TASK: Your answer must be the lines from the first record through the line that contains "約1カ月ぶりに全校朝会を行いました。", copied exactly and without any pictures.
========
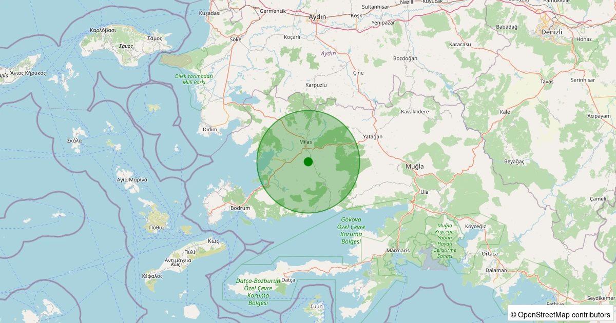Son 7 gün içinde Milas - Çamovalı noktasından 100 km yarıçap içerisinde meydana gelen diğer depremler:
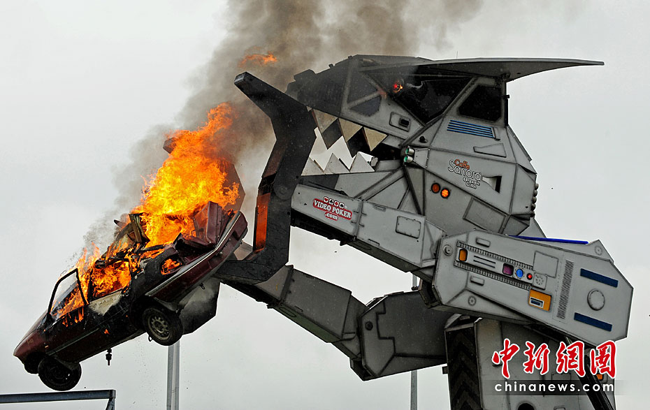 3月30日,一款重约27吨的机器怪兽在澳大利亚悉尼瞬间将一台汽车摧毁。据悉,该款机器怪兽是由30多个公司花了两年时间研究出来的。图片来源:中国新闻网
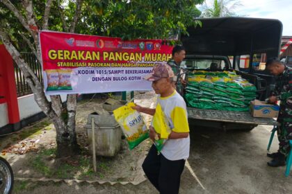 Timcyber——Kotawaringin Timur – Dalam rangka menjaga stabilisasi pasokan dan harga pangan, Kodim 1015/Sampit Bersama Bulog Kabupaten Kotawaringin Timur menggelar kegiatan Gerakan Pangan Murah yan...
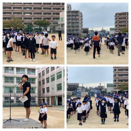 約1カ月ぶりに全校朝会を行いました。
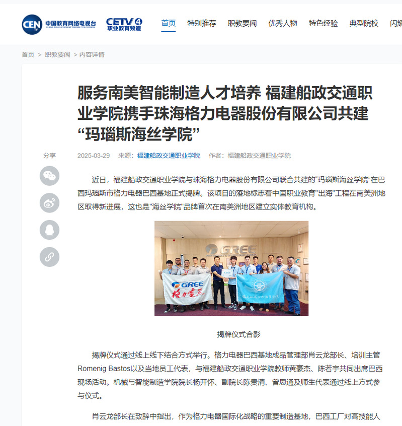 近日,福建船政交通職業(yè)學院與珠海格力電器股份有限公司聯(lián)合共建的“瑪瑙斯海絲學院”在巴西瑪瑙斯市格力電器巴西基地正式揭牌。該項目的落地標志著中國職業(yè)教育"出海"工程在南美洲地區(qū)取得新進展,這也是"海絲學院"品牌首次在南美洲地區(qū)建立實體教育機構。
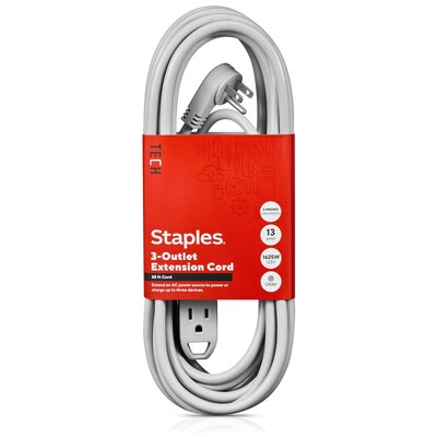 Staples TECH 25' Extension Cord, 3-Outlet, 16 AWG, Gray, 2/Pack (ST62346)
========
SOLUTION TO THE PROBLEM:
Son 7 gün içinde Milas - Çamovalı noktasından 100 km yarıçap içerisinde meydana gelen diğer depremler:
 3月30日,一款重约27吨的机器怪兽在澳大利亚悉尼瞬间将一台汽车摧毁。据悉,该款机器怪兽是由30多个公司花了两年时间研究出来的。图片来源:中国新闻网
 Timcyber——Kotawaringin Timur – Dalam rangka menjaga stabilisasi pasokan dan harga pangan, Kodim 1015/Sampit Bersama Bulog Kabupaten Kotawaringin Timur menggelar kegiatan Gerakan Pangan Murah yan...
 約1カ月ぶりに全校朝会を行いました。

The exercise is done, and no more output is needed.